Parser in Perl

MTK358 · 01-28-2010, 07:31 AM

I was reading through the thread and saw, and I don't understand:

Quote:

Originally Posted by Sergei Steshenko

... I have already described here in part my PerlPreProcessor - have a look at it. It can help you a lot with text substitution, it can cope with metadata, unlike C++ template it is stateful, i.e. one can pass data between templates - because it's all in Perl.

And no new language is invented - in your case it will be pure "C" + pure Perl. The only new entity is simple reserved comments - like

Code:

// PERL_BEGIN
// PERL_END
// PERL_ONE_LINER

.

Also, I just can't find a good explanation of extract_bracketed()'s return value.

Sergei Steshenko · 01-28-2010, 12:16 PM

Quote:

Originally Posted by MTK358

Anyway, here is my current code, it first slurps the file, splices escaped newlines, writes it to a new file with the extension changes to ".c", runs cpp to extract the comments and write to a temp file, and then gets rid of the temp file.

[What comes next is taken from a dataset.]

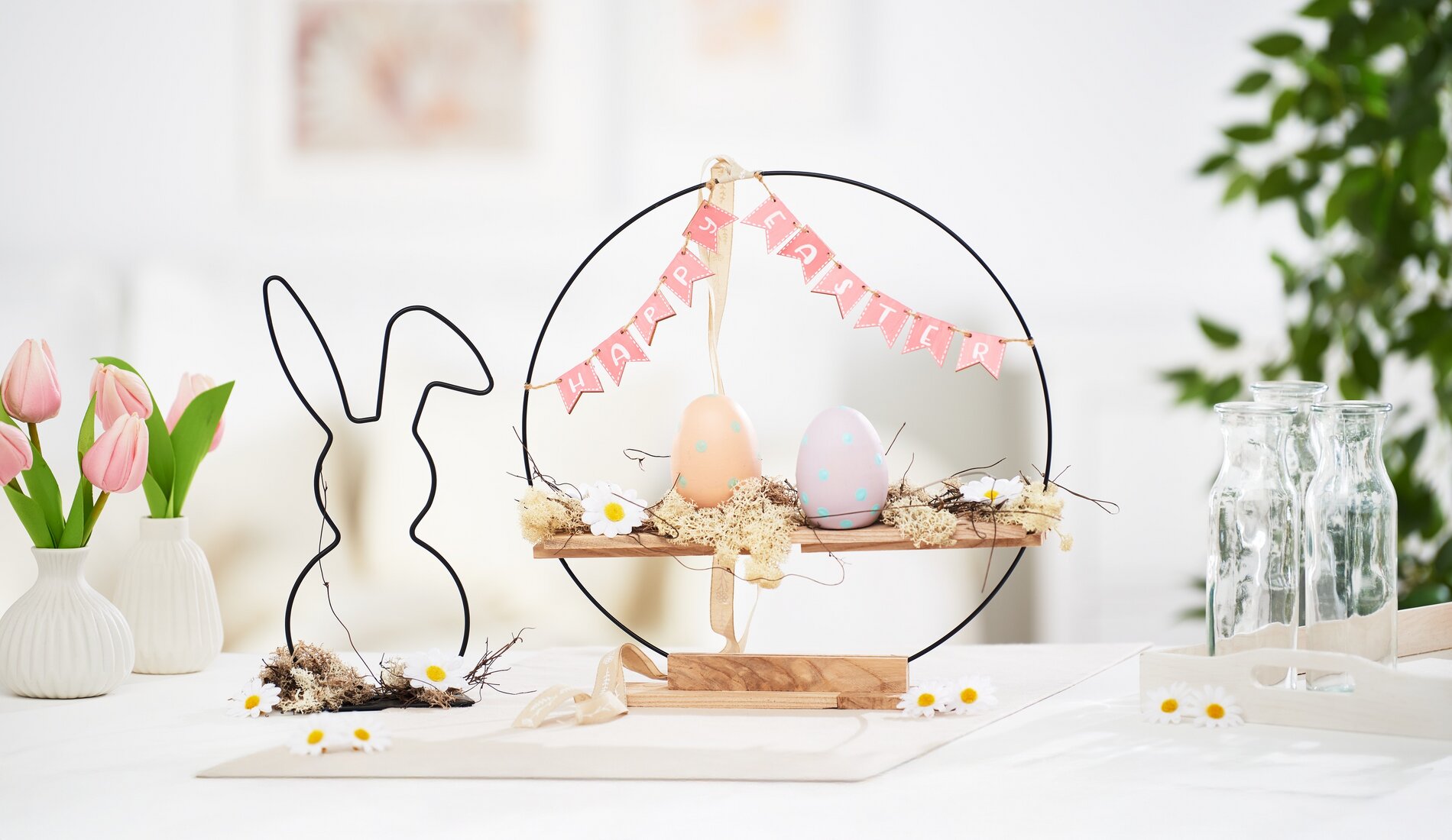 La disposizione dei singoli elementi decorativi è particolarmente divertente. Iniziate incollando con cura le uova dipinte sulla tavola di legno. Per tenerle in posizione si può usare la colla artigianale, ma si può anche usare la colla a caldo. Decorate la superficie decorativa in legno con muschio islandese, filo decorativo e fiori di margherita. Potete anche utilizzare del nastro per posizionare perfettamente il bunting e creare un aspetto armonioso.

The remarkable thing is that it worked perfectly the first try!!!

Code:

#!/usr/bin/env perl

foreach $filename (@ARGV) {
	open(INFILE, "<$filename");
	undef $/;
	$file = <INFILE>;
	close(INFILE);
	
	$file =~ s/\\\n//g;
	
	$outfilename = $filename;
	$outfilename =~ s/(.*)\..*/\1.c/;
	open(OUTFILE, ">$outfilename");
	print OUTFILE $file;
	close(OUTFILE);
	
	system("cpp -fpreprocessed $outfilename -o $outfilename.temp");
	system("rm $outfilename");
	system("mv $outfilename.temp $outfilename");
}

I have a very strict rule - not to bother with Perl code not having

Code:

use strict;
use warnings; # one can use -w switch on Perl invocation line instead/in addition to this pragma

- even if the code works perfectly.

...

Code:

undef $/;

is a bad idea, though it works. It's a bad idea because it is a global setting change.

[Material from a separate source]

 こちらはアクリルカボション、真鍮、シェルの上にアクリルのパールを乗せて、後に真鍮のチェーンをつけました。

I prefer not to touch it, and instead I write:

Code:

my $file_buffer = join('', <$fh>);

.

If one still feels to change a global setting, the dynamic scoping approach should better be used:

Code:

local($/); undef $/;

.

Of course, reading

perldoc -f local

is recommended.

...

Regarding

Code:

	system("rm $outfilename");
	system("mv $outfilename.temp $outfilename");

- nah, not elegant 'cause too much shellish.

perldoc -f unlink
perldoc -f rename

are your friends.

And what for file handles are global ?

Sergei Steshenko · 01-28-2010, 12:24 PM

Quote:

Originally Posted by MTK358

Using the browser's find function, I discovered "-fpreprocessed" may do the job. But the problem is that it doesn't splice escaped newlines.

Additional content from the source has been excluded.